To calculate the area of the composite figure made up of the larger rectangle and the smaller rectangle, we can break it down into two parts:
- Area of the larger rectangle
- Area of the smaller rectangle
Step 1: Calculate the area of the larger rectangle
We are given the dimensions of the larger rectangle:
- Width (length along the right side) = 4 units
- Height (length along the left side, end to end) = 5 units
Using the formula for the area of a rectangle: \[ \text{Area} = \text{Width} \times \text{Height} \] \[ \text{Area of larger rectangle} = 4 , \text{units} \times 5 , \text{units} = 20 , \text{square units} \]
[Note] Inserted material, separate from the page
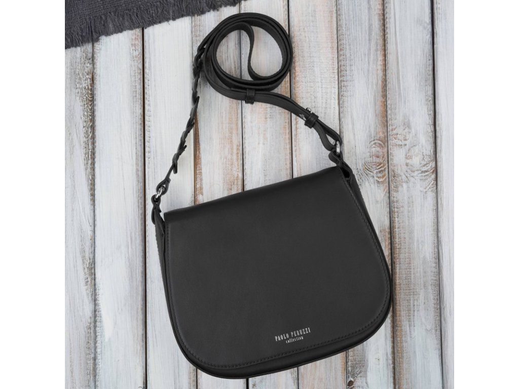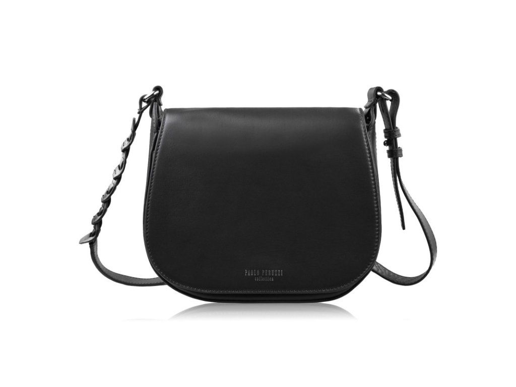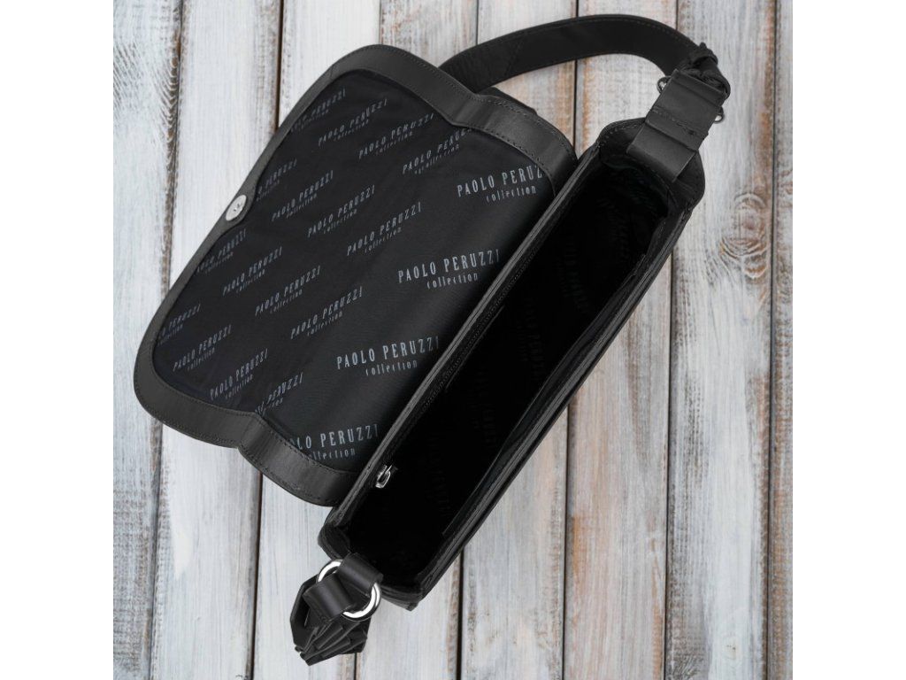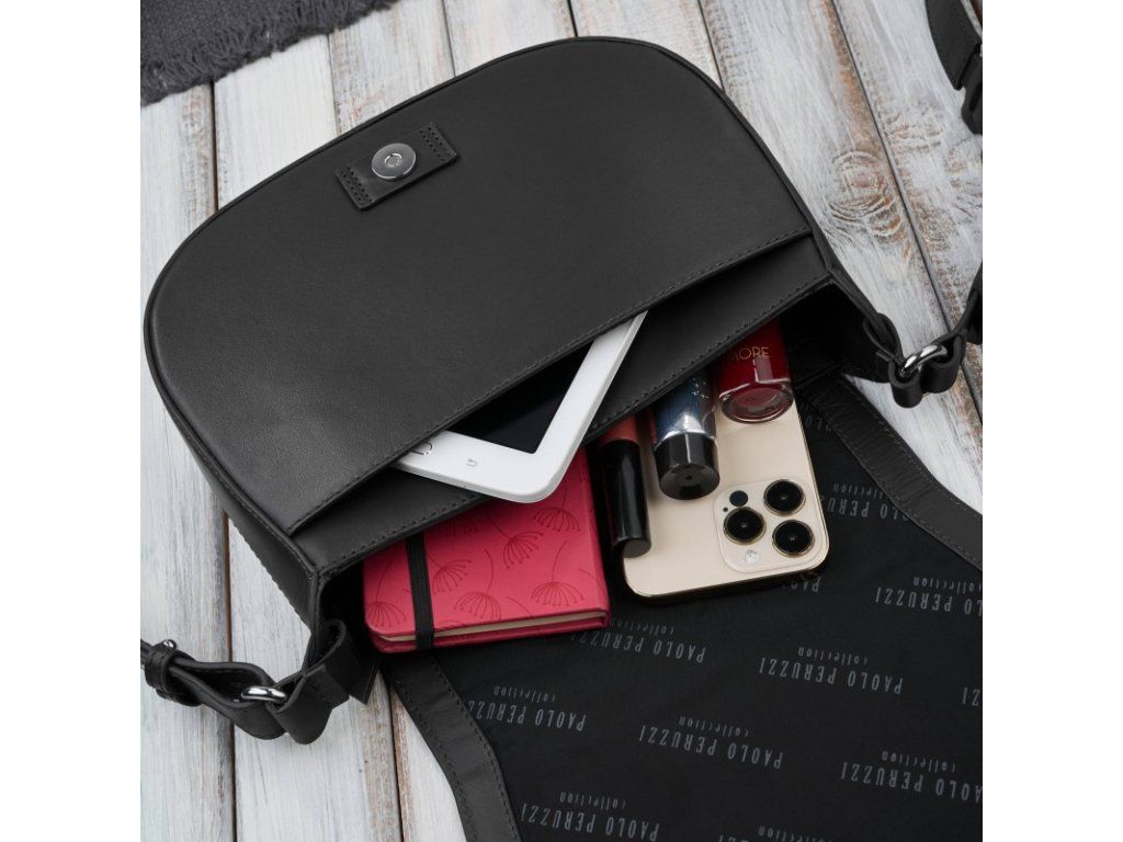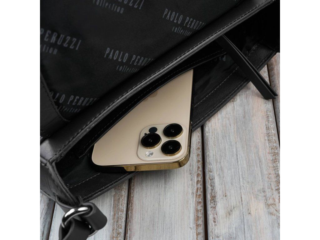 Dámská kožená módní taška přes rameno z lícové kůže Peruzzi; černá

Step 2: Calculate the area of the smaller rectangle
We are given the dimensions of the smaller rectangle:
- Width (bottom length) = 2 units
- Height (same height as the larger rectangle since it's extending down from it) = 3 units
Using the same formula for the area: \[ \text{Area of smaller rectangle} = 2 , \text{units} \times 3 , \text{units} = 6 , \text{square units} \]
Step 3: Calculate the total area of the composite figure
Since the two rectangles are stacked together (with the smaller rectangle extending down from the larger rectangle), we can simply add their areas: \[ \text{Total area} = \text{Area of larger rectangle} + \text{Area of smaller rectangle} \] \[ \text{Total area} = 20 , \text{square units} + 6 , \text{square units} = 26 , \text{square units} \]
Thus, the area of the composite figure is \(\boxed{26}\) square units.